Tuesday, October 20, 2009


Chief Almir Surui
Originally uploaded by Earthworm
Right now, under current development models, a standing forest is always worth less than its extractable parts.

Forests are very important for the welfare of the indigenous people and for the world. We want to show concretely, practically that you can have quality of life and economic development, with an intact forest.

Chief Almir of the Surui tribe of the Amazon, through an interpreter, commenting in the San Francisco Gate about an initiative under way to digitally document their cultural connection to the rainforest in which they live, and in documenting it, preserve it.

The tribe is "using tools like Google Earth, Google Maps, Blogger and YouTube. [Google Earth is] in the process of providing mobile phones with Google's Android operating system that include new software to automatically tag photographs with locational information and upload to Google Earth."

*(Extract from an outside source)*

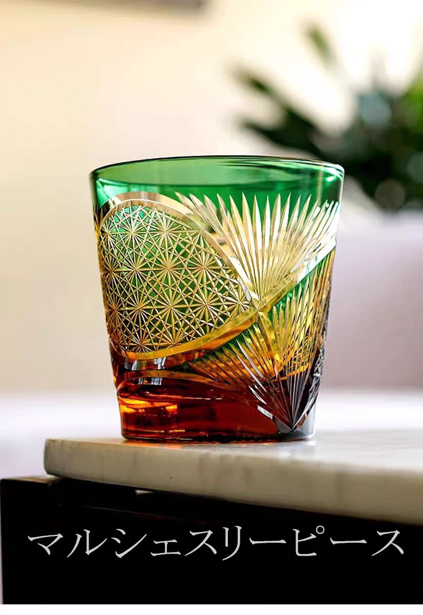 - 鶴羽紋手彫り切子クリスタルグラス - ウイスキーカップ 緑琥珀色

Chief Almir has a $100,000 bounty on his head, and 11 chiefs of neighboring tribes have been shot and killed during the last decade by, it is believed, loggers and miners who would much rather have easy access to the "extractable parts" of the rainforest in which he lives.

The power of this project, fueled through a partnership with Google Earth Outreach, is how technology has given the Surui people the opportunity to tell their story through a medium that is indigenous and accessible to the western world.

It catapults their story -- which from a distance seems quaint and of another era -- into this time; into our time; and anchors it squarely in a true and actual place that we can see, that we can find, that we can now more clearly imagine as real.

Through Google Earth we witness the devastation that they are suffering on the ground. Through Google Earth we hear their stories, we learn what matters to them, we make contact.

To my mind this mode of storytelling makes the need for compassion and assistance immediate and pressing.

It is all the more remarkable because it subverts our traditional colonial methods in which the white man visits indigenous tribes and acts as translator of their stories.

In this case, the people tell their own stories to an audience who can hear and understand.

There is no more powerful act than that: a simple story, well told, and received by hearing ears.

Inside me I realized the need to use internet technology as a tool to make my people's situation known.

-- Chief Almir


Leslie F. Miller said...

It all just breaks my heart.

I, Rodius said...

Sometimes I think it's all going to be OK, and sometimes I think we won't make it past my lifetime.

anne said...

holy cow.... what a visionary the cheif is, for his people and for his culture!